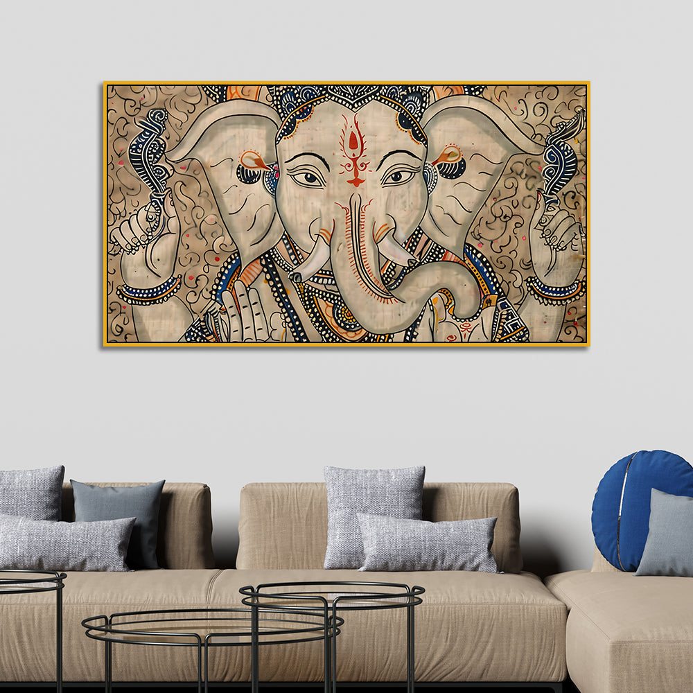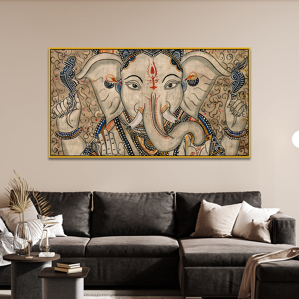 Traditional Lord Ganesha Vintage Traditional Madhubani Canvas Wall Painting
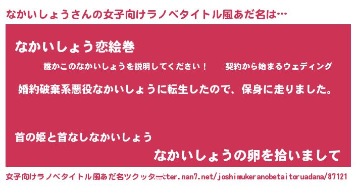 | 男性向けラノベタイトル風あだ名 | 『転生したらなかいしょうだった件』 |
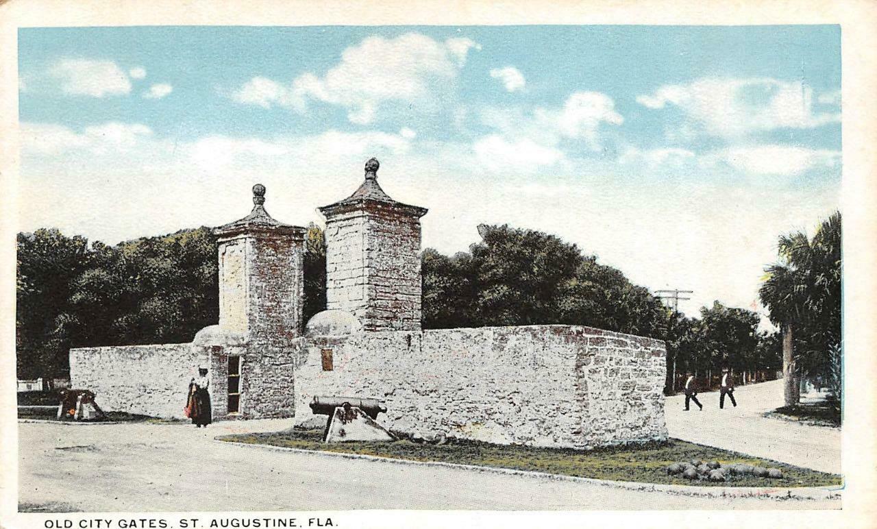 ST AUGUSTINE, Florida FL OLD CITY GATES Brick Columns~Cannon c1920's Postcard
==*==
> [WORK TO COMPLETE]:
Once the pictures are set aside, please output all the data word for word.

> [ANSWER SECTION]:
 Traditional Lord Ganesha Vintage Traditional Madhubani Canvas Wall Painting
 | 男性向けラノベタイトル風あだ名 | 『転生したらなかいしょうだった件』 |
 ST AUGUSTINE, Florida FL OLD CITY GATES Brick Columns~Cannon c1920's Postcard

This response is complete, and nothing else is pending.